The case is also significant in that it establishes future legal precedent for all drivers in Pennsylvania, that driving while drowsy has become sufficient evidence for prosecutors to secure a conviction under the state’s criminal and vehicle codes, according to Northampton County Assistant District Attorney Richard Pepper.
“This case has finally answered the question of whether falling asleep behind the wheel or more specifically continuing to operate a vehicle on Pennsylvania highways in the face of known drowsiness or falling asleep is sufficient factual evidence to satisfy the standard of criminal recklessness or gross negligence under the crimes code of involuntary manslaughter, and under the vehicle code of homicide by vehicle,” Pepper told Land Line.

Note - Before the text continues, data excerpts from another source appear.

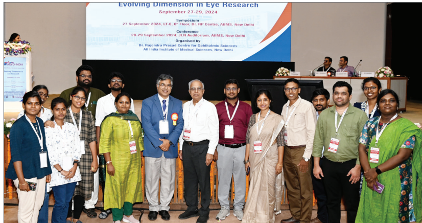
Scientists, faculty, and scholars from AMRF at the 30 th Annual Meeting of ARVO-India 2024
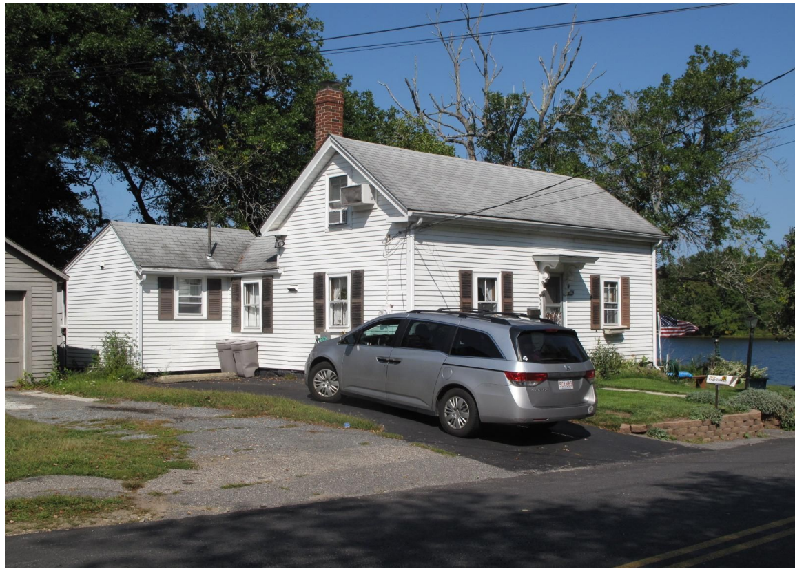
View from SE.

220 MORRISSEY BOULEVARD, BOSTON, MASSACHUSETTS 02125
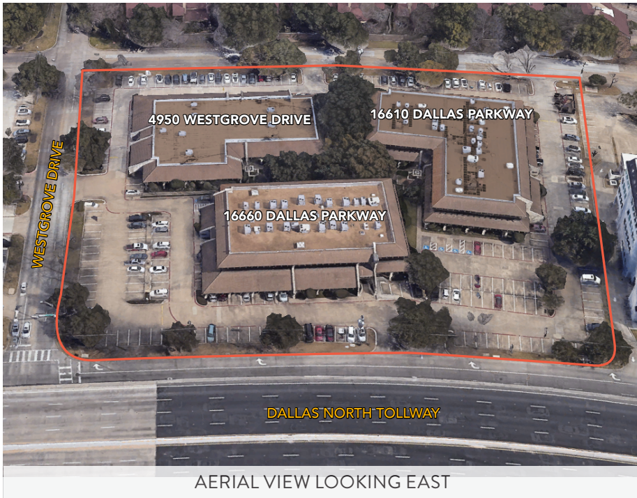
AERIAL VIEW LOOKING EAST

16610, 16660 DALLAS PARKWAY & 4950 WESTGROVE DRIVE | DALLAS, TX 75248
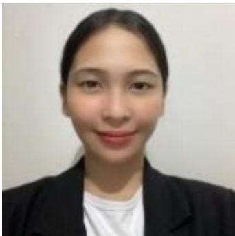
SHALOM NICOLAI SCHOLAR RESEARCH
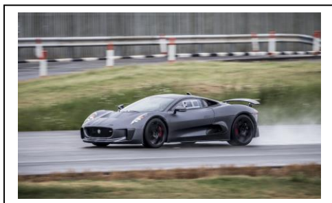
After being cancelled in 2012, the Jaguar C-X75 was recommissioned to appear in Spectre.

MPAA Rated PG-13 for intense sequences of action and violence, some disturbing images, sensuality and language.
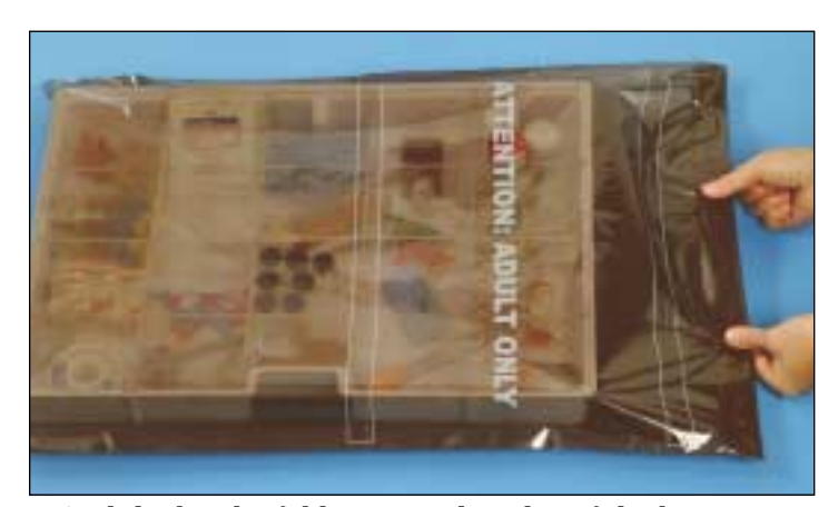
3. Seal the bag by folding over the edge of the bag.

Pepper said Pedota had done a run from New Jersey to Harrisburg, and was returning to New Jersey on the morning of Sept. 2, 2010. According to Pepper, Pedota was driving in a legal manner beforehand and was not speeding, under the influence of drugs or alcohol, or on the road an excessive period of time.
In February, Pedota’s conviction was affirmed by the Superior Court, and his bid for re-argument was later rejected. On Aug. 29, the state Supreme Court denied Pedota’s request that it hear his appeal.
Pedota remains free. Pepper said he expects the court will soon schedule a hearing on the case, or issue an order requiring Pedota to report to prison.